障壁だらけのデンマークで、共同創業した20代建築家。生き残る経営戦略は:若手登竜門で優勝(3/5 ページ)
プロフェッショナルがひしめくデンマークで、26歳の若さで設計事務所を立ち上げた、2人の日本人がいる。当時、技術も経験も足りなかった2人は、世界の競合と渡り合うためにどうやって戦ったのか。
異国で生き残るためのビジネスパートナー
デンマークには現地で活躍する日本人建築家は多数存在するが、日本人のみで事務所を設立したのはパン プロジェクツが初となる。「CHART ART FAIR」の副賞として現地の建築界の大御所によるメンターシッププログラムが得られたため、彼らのサポートを受けて若手ながらも事務所設立にこぎつけることができたのだ。
とはいえ、高福祉のデンマークは北欧の中でも特にビザ取得の条件が厳しい。外国人起業家が法人を設立し、居住ビザを取得するのは相応の苦労が伴う。取得できたとしても、コンスタントに仕事を受注し高い税金を納付しなければならない。
「僕らがコペンハーゲンで創業するためには、お互いの存在が必要不可欠だったんです。僕は現地で大学院を卒業した関係で、卒業後2年間は現地で自由に働ける居住ビザが降りていました。ただ、1人では実力も人脈も人手も不足している。そこで八木というビジネスパートナーができたことで、1人ではできない領域に挑むことができるようになったんです」(高田氏)
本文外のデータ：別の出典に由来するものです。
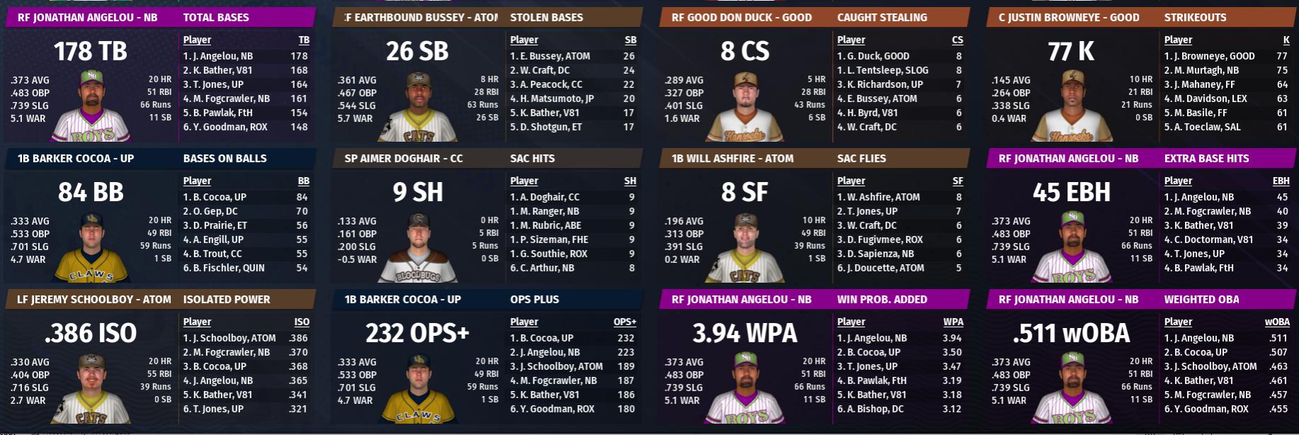 2 June 2302 ---------------------------------------------------------- Nuka News Update Reporting on the NWL, NWLB, and APYL Leagues by Evan Guy Laws of Average Two teams--Victory Cave Crickets (23-13) and Orange Tourists (22-14)--sit atop the NWL standings more than halfway into the 2302 season. The other 6? At best, they are .500 on the season. The two teams at .500--Quantum Nukalurks and Quartz Star Force--appear to be the only teams that could challenge for a playoff spot. Let's take a look at those teams. The Nukalurks were NWL champions just two seasons ago. This season, they are near the bottom in hitting while near the top in pitching, meaning they are in a lot of low-scoring games. They are 7th in runs scored with 171 and 1st in runs allowed with 163. Only two regulars are hitting above .300: 3B T.J. McMath (.339/2/20) and LF Dian Subandrio (.333/2/8). A couple of recent callups are also hitting well, but they do not have enough games to qualify for any awards: 1B Coast Vieira (.357/1/3) and 2B Andy Longface (.405/1/4). Pitching has been their best bet with the 2nd best Starters ERA. All four current starters have good numbers but only one has the wins to show for it. They are: Roger Carlson (3-3, 3.21), David Strickland (4-5, 3.29), Tanner Kern (6-1, 3.61), and Loweland Waterdrop (0-1, 1.20, 8 SV). Waterdrop recently switched with Owen X (4-1, 3.83, 1 SV) for the starter and closer roles. The Star Force were champions three years ago, in the NWL's inaugural season. Like Quantum, Quartz is pitching well but not hitting well, currently 6th in the NWL in runs scored with 174 and 2nd in runs against with 165. Unfortunately for the Star Force, their hitting is not likely to get them anywhere, probably leading them to staying below the three other teams mentioned in this article. The player with their highest batting average, 3B Marmalot Hooch (.296/4/14) was recently sent to the APL's Galactic Zone G-Force. That leaves 1B Corey Ballard (.294/2/12) as the team's leading hitter. The only player with star power, though, is SS Travis Phillips (.284/9/24). 2B Tony Sanchez (.366/5/16) has come on strong, but he has not yet reached the required number of at bats. Despite having the top Starters ERA (3.42) in the NWL, the numbers do not look as amazing for the top two pitchers. SP Bubble Andrews (2-2, 4.18) and SP Tyrese Dyers (3-4, 5.06) are considered the 1-2 pitchers. The 3-4 pitchers are SP Chris Yao (4-1, 3.16) and SP Travis Sisler (3-2, 1.66). For either of these teams to take on Victory or Orange in the second half of the season, the key is for their pitching to remain strong and to see their hitting improve. I have my doubts, though, and I expect the 2302 Nuka Series to come down to the Cave Crickets and Tourists. In other news, this week's player of the week was Dark's LF Crops Gerdenheimer. Gerdenheimer was 9 for 25 with 5 home runs and 15 RBI. On the season, he is batting .236 with 15 homers, 39 RBI, and 21 runs scored. Standings APL and BBL In the Amusement Park League, the Nuka Bottling Plant Pack (Quantum) and the Grandchester Flying Ants (Cherry) are atop the standings, both at 22-14. At the bottom, the Nuka Town Operators (Orange) are currently on a 12-game losing streak, dropping them to 12-24 and 10 games back of both the Pack and Flying Ants. CF Dwight Workman of the Kiddie Kingdom Cappies (Grape) was this week's top player. He hit .421, punched four balls over the fence, scored eight times, and had six runs batted in. In the Bradberton Boys League, the Fizztop Mountain Conquerors only remain atop the league at 18-12. They are up by two games over three teams: South Bradberton Tycoons, Starport Nuka Hubologists, and Wixon Shovels. On a seven-game winning streak, the Ol'Sugartop Buckaroos are also in the mix at 15-15. The best player this week was CF Ody Mandrell of the Buckaroos. He had nine hits on the week for a .391 average, hit four home runs, and drove in nine runs. Vim! View Veracious, Vivacious, Vainglorious Vision of the Vim! Leagues by Vikky Vail Standings Analysis Rayburn Point (27-19) is once again atop the Fog Division while the Dalton Farm Fog Crawlers (32-14) repeat atop yet the Harbor Division. The Patcheyes won their first three of four games in the series with Brooke's Head Lighthouse (22-24) and then lost the next two games at Echo Lake (24-22), who are now three games back of the Patcheyes. Only Eden Meadows (17-29) look to be out of contention for the Fog Division as we enter the All-Star Break. The Fog Crawlers went 5-1 on the week, winning five straight. They started the week with a loss to Grand Hotel (21-25) before taking the next three over the Atoms and then the first two games over Far Harbor (18-28). Dalton Farm still leads second-place Acadia (30-16) by two games. Player of the Week RF Alex Hopp, Acadia, 9/22 (.409), 5 HR, 14 RBI MDIL Report The Southwest Harbor Rippers (Echo Lake) of the Small Bertha Division regained sole possession of first place after the Longfellow Pips (Cranberry Island) had a bad week in the Mount Desert Island League. Longfellow is now in a three-way tie for second place with the Cliff's Edge Actors (Rayburn Point) and the Nucleus Radchickens (Eden Meadows) at 27-24. In the Old Longfellow Division, the Huntress Island Ug-Qualtoths (Dalton Farm) are still atop at 31-20 after a 3-3 week. They now hold a five-game lead over the Eagle's Cove Harpooners (Acadia). 1B Chris Eaton of the Southwest Harbor Rippers (Echo Lake) was the Player of the Week. He was 10 for 18 (.556) with four home runs and 12 RBI. MYL Report In the Mount Desert Island Four, the Beaver Creek Bowlers (15-13) maintain a two-game lead over last place Cliff's Edge (13-15). Both the National Park Rangers and Far Harbor Dockdwellers are one game behind. In the MDIF, SP Heri Earz, Cliff's Edge, was the Player of the Week. He was 2-0 in two starts giving up no earned runs in 14.1 innings pitched. He totaled two walks and seven strikeouts on the week, while all

「一方、私はワーキングホリデービザで渡航したため、期限が切れる前にワークビザを取得しないと働けない状態でした。運良く現地の設計事務所、Albjerg & Buchardtに雇ってもらいビザを取得できましたが、このビザでは自身の事業はできません。そこでパン プロジェクツとしての売り上げはすべて高田に入れて、私はボランティアで活動を行い、実績を溜める道を選びました」(八木氏)
そのため、高田氏はパン プロジェクツの事業に100%フォーカスし、八木氏は勤め先での仕事を終えた後、17時から高田氏と合流して活動を続ける生活を約2年半送った。デンマーク企業の大半は残業がなく、17時を過ぎるとオフィスが一気に静まり返るほどワークライフバランスが良い。この環境が事業成長を後押ししてくれた。
「自身の事業だけに集中したいもどかしさもありましたが、現地企業で働いてこそ得られるスキルや情報が自社の成長にもつながったのはメリットでした。私が抜けてしまうぶん、高田が事業を前進させてくれたことにも助けられました」(八木氏)
ギブアンドテイクのビジネスパートナーがいたからこそ、2人は異国でのあらゆる問題を解決して事業を軌道に乗せることができたのだ。